Pulmonary Hypertension
PH includes various clinical conditions and can complicate many cardiovascular and respiratory diseases. PH is defined as an increase in mean pulmonary artery pressure ≥25 mmHg at rest as confirmed on right heart catheterization. The classification of PH is based on the five groups of clinical conditions that cause it:
- Pre-capillary PH with normal pulmonary artery wedge pressure (PAWP) ≤15 mmHg.
- Post-capillary PH due to left heart disease with increased PAWP >15 mmHg.
- PH due to chronic lung disease and hypoxia.
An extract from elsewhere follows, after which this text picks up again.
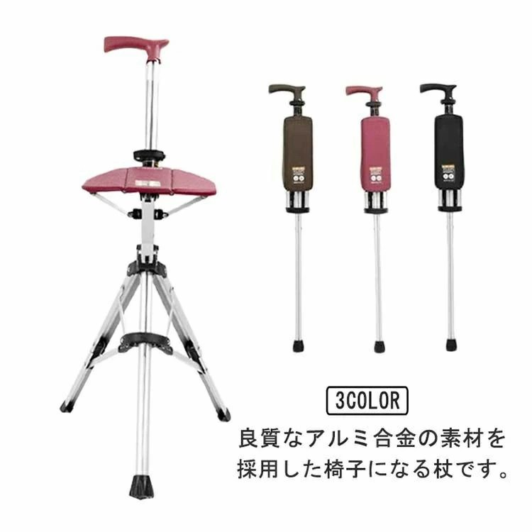 ステッキ 杖 イス 折りたたみ 軽量 ブラック ブラウン レッド

- Chronic thromboembolic PH.
- PH due to unclear and various mechanisms.17,24
The following echocardiographic parameters are crucial for the assessment of patients with suspected PH: TR velocity (TRV), dilated RV, flattening of the interventricular septum, short pulmonary valve acceleration time, pulmonary artery diameter >25 mm, dilated RA, and decreased inspiratory collapse of the IVC. Echocardiographic signs in addition to TRV are used to evaluate the probability of PH (Table 2). The standard echocardiographic method uses the evaluation of RV pressure from the TRV and the qualitative assessment of RA pressure. Applying the simplified Bernoulli equation, p = 4(TRVmax)2, the peak TRV is squared and multiplied by 4.25 Even small errors in the absolute measurement of TRV can result in significant differences in the measurement of RV systolic pressure (RVSP). The evaluation of RVSP from TRV requires precise alignment with the TR jet, otherwise it may be under- or overestimated. This can be prevented by using agitated saline or contrast agents.26,27
Furthermore, to estimate SPAP, the RVSP is added to the RA pressure derived from the measurement of the IVC diameter after inspiration. In many cases, the diameter of the IVC cannot be measured or the concordance between the echocardiographic evaluation of RA pressure and the invasive method is as low as 34%.26
In the assessment of the probability of PH, the measurement of TRV should be used in coordination with other echocardiographic markers of PH. The guidelines for PH recommend examining an RA area >18 cm2 for echocardiographic signs of elevated RA pressure.27,28 In the case of TRV ≤2.8 m/s and without other echocardiographic signs of PH, the probability of PH is low. If TRV is ≤2.8 m/s but there are echocardiographic signs of PH, or TRV is 2.9–3.4 m/s and there are no echocardiographic signs of PH, then there is a medium probability of PH. In the case of TRV 2.9–3.4 m/s and the presence of other echocardiographic signs of PH or TRV ≥3.4 m/s without the presence of other echocardiographic signs, there is a high probability of PH.5,27,28
PH causes increased pulmonary vascular resistance and elevated pulmonary artery pressures resulting in maladaptive RV dilatation and, eventually, RV failure. Many studies have proposed the concept of RV–pulmonary artery coupling to define the cardiac function in PH and predict survival time.26–29 TAPSE is an afterload-dependent parameter and patients with a TAPSE/SPAP ratio <0.25 mm/mmHg have a worse prognosis.29
Pulmonary Embolism
The known echocardiographic signs associated with pulmonary embolism have been shown to have low specificity and sensitivity and to be present in only 20% of patients.30 These parameters include pulmonary ejection acceleration time <60 ms and peak systolic tricuspid pressure gradient <60 mmHg (the 60/60 sign), and depressed contractility of the RV free wall compared with the echocardiographic RV apex (McConnell’s sign). RV dilation occurs in up to 25% of patients with pulmonary embolism.8,30 The PEITHO trial used at least one of the echocardiographic markers for RV dysfunction to identify the group with an intermediate risk of pulmonary embolism: RV end-diastolic diameter >30 mm, RV/LV end-diastolic diameter ratio >0.9, RV free wall hypokinesis, or peak TRV >2.6 m/s.8,30
Conclusion
Routine clinical 2D echocardiography has largely been used to evaluate the structure and function of the RV. Current echocardiography techniques, including 3D and strain rate imaging, may be used to further contribute to diagnosis and facilitate the choice of treatment. Assessment of RV function and dimensions should be obtained using multiple parameters and performed using multiple acoustic windows according to the published limits in guidelines.